China has cast the case against Meng as political in nature and part of a U.S. plot to hinder the country’s ascendance. But her comfortable bail conditions — she enjoyed painting lessons at home and private shopping trips at Vancouver boutiques — drew unfavorable comparisons here with the circumstances in which the Michaels were being held.

Meng, the daughter of Huawei founder Ren Zhengfei, had been out on $8 million bail — staying at the slightly larger of her two multimillion-dollar mansions in Vancouver — while she was fighting extradition to the United States. On Friday, the Justice Department withdrew its request, and a judge in Vancouver dismissed the proceedings and vacated Meng’s bail conditions.

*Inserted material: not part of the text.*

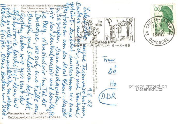 13657456 Castelnaud-Fayrac Vue generale aerienne avec la Dordogne et Beynac en arriere plan postalisch gelaufen Erhaltung siehe scans [WerneD78] carte postale Wern Katcode 11170024424086

Meng left for China on Friday evening, shortly after she spoke to reporters outside a Vancouver courthouse, saying her life had been “turned upside-down” over the past few years and thanking the Canadian government “for upholding the rule of law.”

She arrived in Shenzhen on Saturday evening, where she was met by a crowd waving national flags. A skyscraper in the city was lit up with the words “Welcome home Meng Wanzhou.”

Hua Chunying, a Foreign Ministry spokeswoman, tweeted that a college student brought a bouquet of flowers to the ministry “to thank the Chinese government’s unremitting efforts to bring Ms. Meng back to the motherland.” Meng faces quarantine under China’s
coronavirus pandemic-control rules.
“Justice prevails,” Hua wrote in another tweet that shared two photos: One showing Meng’s feet in a pair of black heels with the GPS monitor she was required to wear while out on bail in Canada on one ankle, and another picture showing her without the GPS monitor.

The release of the two Michaels resolves one of Trudeau’s knottiest foreign policy headaches. Some opposition lawmakers had pressed him to take a harder line against China. Several prominent Canadians, including former foreign ministers, had urged him to release Meng, hoping it would spur China to release Kovrig and Spavor.

But Trudeau repeatedly rejected those calls, saying that doing so would send a signal to governments around the world that they could gain leverage over Canada by detaining its citizens. He has said that Meng’s case would be resolved by independent courts in Canada in accordance with the rule of law.

Comfort Ero, a senior executive at International Crisis Group, Kovrig’s employer, thanked Canada and the United States for their support.